And step 402, performing text matching on the training sample data through the term standardized model to obtain a prediction matching result.
Inputting training sample data into the term standardization model, and outputting a prediction matching result for evaluating the similarity between the input training sample data pairs, wherein the prediction matching result is obtained by prediction based on the model parameters corresponding to the current term standardization model.
And step 403, obtaining a model loss function corresponding to the term standardized model.
In the embodiment of the present application, a loss function L of the twin network during training is shown in formula four, where N is the number of all sample pairs, y is a training label, d is a euclidean distance between two input samples that are finally embedded, and margin is a predefined threshold (usually set to 0.5).
The formula four is as follows:
Figure BDA0003255126510000141
and step 404, determining a matching loss value corresponding to the predicted matching result based on the model loss function.
And inputting the predicted matching result into the model loss function, and obtaining a matching loss value corresponding to the predicted matching result, wherein for the model loss function, the form of the predicted matching result in the embodiment of the application is the final embedding of the input sample.

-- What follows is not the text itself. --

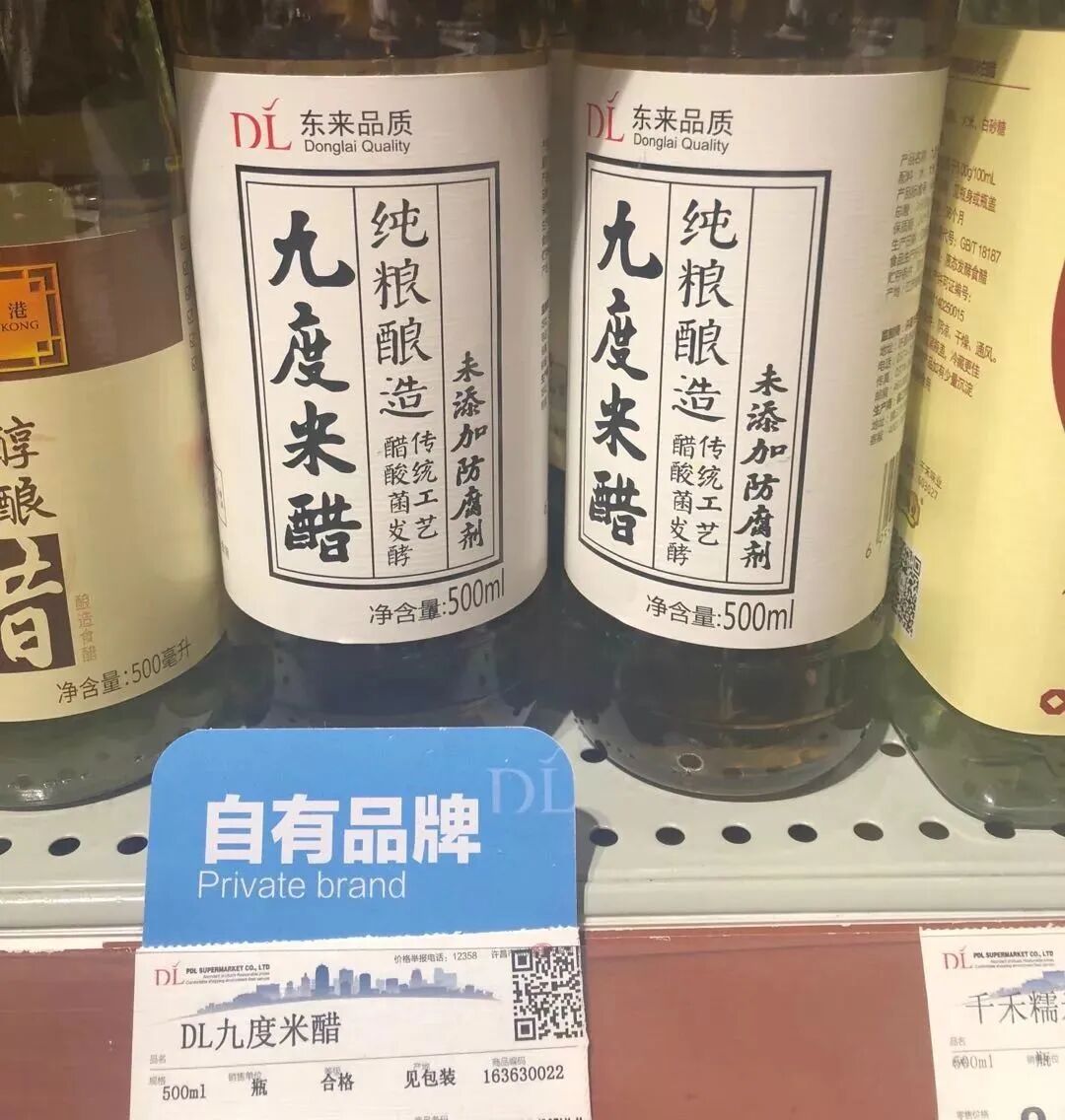 很多品类上都有自有品牌,醋、袜子、毛巾、拖鞋、垃圾袋、纸杯等,从管理到销售很规范,自有商品制作工艺非常高,如戚风蛋糕、法棍面包等。

At step 405, a distance loss value is determined based on a difference between the first sample data and the second sample data.
In the embodiment of the present application, in combination with the distance loss value obtaining method given in steps 301 to 307, a distance loss function for determining the difference between positive and negative samples is determined, and the distance loss function is shown in formula five, where I is an identity matrix,
Figure BDA0003255126510000144
representing a set of samples to which the first sample data x corresponds, n representing the number of second sample data in the set of samples, | |)2Representing the Euclidean (L2) distance of two feature vectors in vector space, abs () is the absolute value, λxAnd alpha represents a hyper-parameter of the first sample data position, and is obtained by network parameter adjustment.
The formula five is as follows:
Figure BDA0003255126510000142
formula six:
Figure BDA0003255126510000143
and 406, training the term standardization model based on the matching loss value and the distance loss value to obtain a target standardization model.
The target standardization model is used for matching input data pairs to obtain a standardization result.
In the embodiment of the present application, the content of training the model by combining the matching loss value and the distance loss value is the same as that in step 205, and is not described herein again.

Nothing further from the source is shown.